I got the 386 today, and loaded Stacker onto it.  Tastes great, less filling.
 
Another person in my department got the same unit but with a 120Meg 2.5"
drive... Conner?  Don't know, but would assume so.  Mine is a 60.. sigh.
bad
response 26 of 37: Mark Unseen   Apr 11 02:12 UTC 1992

Generally, your drive will work better if you do *not* taste it.
Saliva may gum up your drive. 
The manufacturer makes no guarantees as to where the drive has been - 
taste at your own risk.
mistik
response 27 of 37: Mark Unseen   Apr 11 02:15 UTC 1992

Would be interesting if you can run a benchmark comparing the data load
time or program load time on the machine with the bigger disk and the
smaller disk with stacker.  I wonder if it would increase the disk
thruput.
jdg
response 28 of 37: Mark Unseen   Apr 11 14:00 UTC 1992

I have a feeling that data placement would affect the results.  You've got
seek time (head movement) as well as latency (rotational delay) that would
vary the performance.

So the answer would be like John's, "It Depends."
mistik
response 29 of 37: Mark Unseen   Apr 11 18:28 UTC 1992

Since you got a smaller disk, chances are that your seeks will take less
time (not necessarly), and the transfer rate from/to disk will be almost
doubled.  Your disk probably has less cylinders.  Disk organization
can affect it a lot.
mju
response 30 of 37: Mark Unseen   Apr 12 01:17 UTC 1992

Hmm.  One has to be careful with IDE drives when making judgements
based on drive geometry, since the drive geometry you enter into
your CMOS frequently has nothing to do with the actual drive geometry.
It may very well be that the number of physical cylinders has been
reduced; on the other hand, the number of sectors/track may also have
been reduced.  It's hard to say without looking at the drive's spec.
sheet.

Also, keep in mind that the physical disk<->controller transfer time
is unchanged; you are, after all, still using the same disk.  While it
may take less disk time to read the data in compressed format, you also
have to spend CPU time decompressing it.  How fast your CPU is decides
whether you can decompress the data in less time than it would have taken
to read the decompressed data from the drive.

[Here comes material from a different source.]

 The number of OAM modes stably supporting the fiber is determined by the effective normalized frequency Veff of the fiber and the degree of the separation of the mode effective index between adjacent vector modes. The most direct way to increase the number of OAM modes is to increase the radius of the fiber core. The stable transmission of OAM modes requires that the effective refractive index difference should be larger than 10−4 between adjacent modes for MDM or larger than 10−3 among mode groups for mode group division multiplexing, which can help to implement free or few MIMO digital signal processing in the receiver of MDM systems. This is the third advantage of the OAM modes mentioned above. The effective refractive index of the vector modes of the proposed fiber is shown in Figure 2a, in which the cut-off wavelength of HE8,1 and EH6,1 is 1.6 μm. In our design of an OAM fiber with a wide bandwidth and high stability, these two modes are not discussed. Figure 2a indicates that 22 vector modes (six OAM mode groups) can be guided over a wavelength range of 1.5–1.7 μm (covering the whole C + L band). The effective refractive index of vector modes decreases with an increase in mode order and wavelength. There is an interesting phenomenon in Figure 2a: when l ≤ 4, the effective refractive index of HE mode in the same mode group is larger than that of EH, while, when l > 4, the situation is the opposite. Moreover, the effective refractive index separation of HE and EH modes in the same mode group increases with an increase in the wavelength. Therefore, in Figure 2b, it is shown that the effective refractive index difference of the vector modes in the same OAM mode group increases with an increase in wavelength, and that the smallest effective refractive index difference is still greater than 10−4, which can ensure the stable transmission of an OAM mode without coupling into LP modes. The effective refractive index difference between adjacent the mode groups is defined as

Under Unix or OS/2, Stacker or similar programs would be a very *bad*
idea without a coprocessor board.  This is because unlike MS-DOS,
Unix and OS/2 can do other things with the CPU when they are reading
data from the disk.  Unless, of course, the CPU is required to
decompress the data as it reads it, in which case none of your other
tasks can run while the one that's using the disk is blocked for I/O.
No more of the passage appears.